That said, keeping a Windows based pc up to date with security patches and using updated browsers such as Google Chrome and Firefox instead of IE will alleviate many issues. The same can be said for staying away from the software I call the 3-eyed beast AKA Adobe Reader...There are much more lighter and more secure Adobe readers out there such as Foxit PDF-Xchange etc.


----------



## barelahh (Apr 13, 2007)

Kari said:


> LT = Linus Torvald = Linux!
> 
> To answer your question. I prefer MSE, Symantec Endpoint is good...just stay away from their consumer focused "security suites". Trend Micro is also good.
> 
> ...


I am using fedora myself, and have migrated a friend off of windoze to fedora too but its taking a while to teach her how to use it and work with it. She's done well. Now she finds its hard to navigate in windows since she's been using a shell to do things lol.


----------



## Guest (Oct 6, 2010)

Kung said:


> If I am not mistaken, that's a 'software doesn't like some other software package' error.
> 
> Being as you had Avast, I'd go here and download and use their uninstall utility.
> 
> Then I'd go to this thread on AVG's free forum to use their uninstall and reinstall instructions (which essentially consists of an uninstall utility, plus manual deletion of some folders) and see if that helps.

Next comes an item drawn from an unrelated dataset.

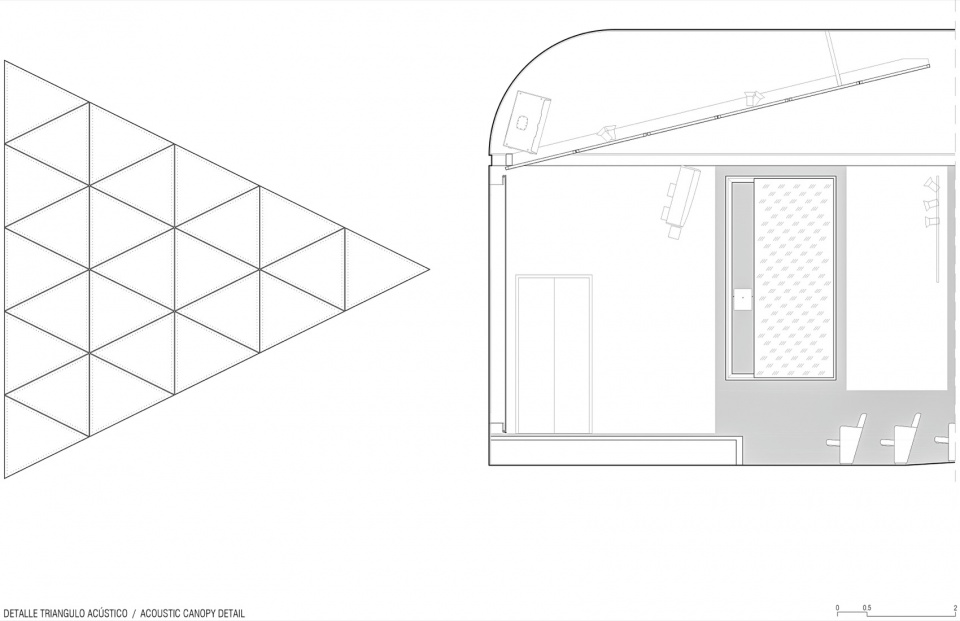 该方案旨在保留Bach与Mora项目中的标志性元素:入口处组织并划分流线的三角形放映室,以及悬置于舞台上方、原本作为混响装置的三角体。与之形成对比的是,现有的翻译间被拆除,因为当代技术已不再需要专门空间;座椅区域被调整以增加坡度并改善观影视线;而标志性的悬挂三角体则被转化为一个大型声学屏幕,用于遮蔽中央扬声器。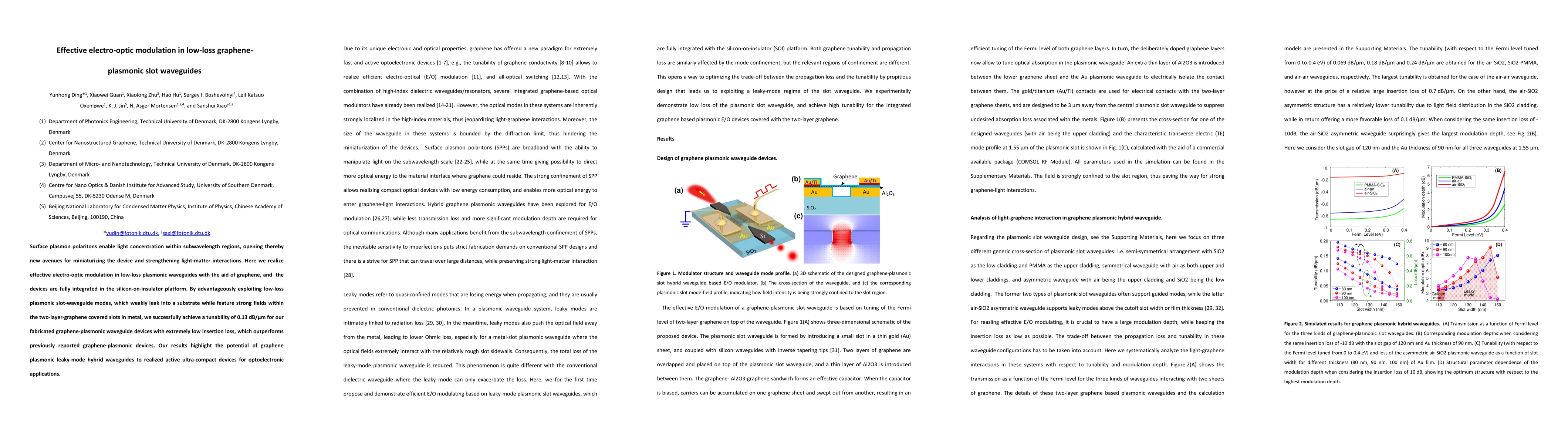 This paper demonstrates effective electro-optic modulation in low-loss graphene-plasmonic slot waveguides by leveraging surface plasmon polaritons, achieving 0.13 dB/um tunability with minimal insertion loss. The integration on a silicon-on-insulator platform highlights the potential for ultra-compact optoelectronic devices.

Did all that and still have the same error when I try to install.  So I will wait on mail from Nevada (the guy AND the state LOL).

In the meantime:


I will check my email on the web instead of downloading to outlook express.


I will not log in to facebook or twitter. Or much of anywhere else, for that matter.


I will not be surfing around the internet.


I will be annoyed by the windows popup saying it can't detect my AV.


Since I can't do much online, I'll watch lots of movies.


----------



## Kung (Jan 19, 2004)

Kari said:


> LT = Linus Torvald = Linux!
> 
> To answer your question. I prefer MSE, Symantec Endpoint is good...just stay away from their consumer focused "security suites". Trend Micro is also good.
> 
> ...


Yep, I agree with you 100%. Running Ubuntu 10.04 right now; fairly stable so I'm happy with it.

I also like Kapersky; it's getting a bit big but it's got high ratings.


----------



## WindowOrMirror (Jan 10, 2005)

and if you were on a Mac, the fact that you were "AV-less" would mean almost nothing!


----------



## Guest (Oct 6, 2010)

WindowOrMirror said:


> and if you were on a Mac, the fact that you were "AV-less" would mean almost nothing!


PC's are a dime a dozen, which is how I'm able to have one.


----------



## WindowOrMirror (Jan 10, 2005)

lol, you've got me there...


----------



## Guest (Oct 9, 2010)

THANK YOU NEVADA!!!! :rock:

I got the AV installed with no problem at all. I updated it, since it was a couple weeks old. 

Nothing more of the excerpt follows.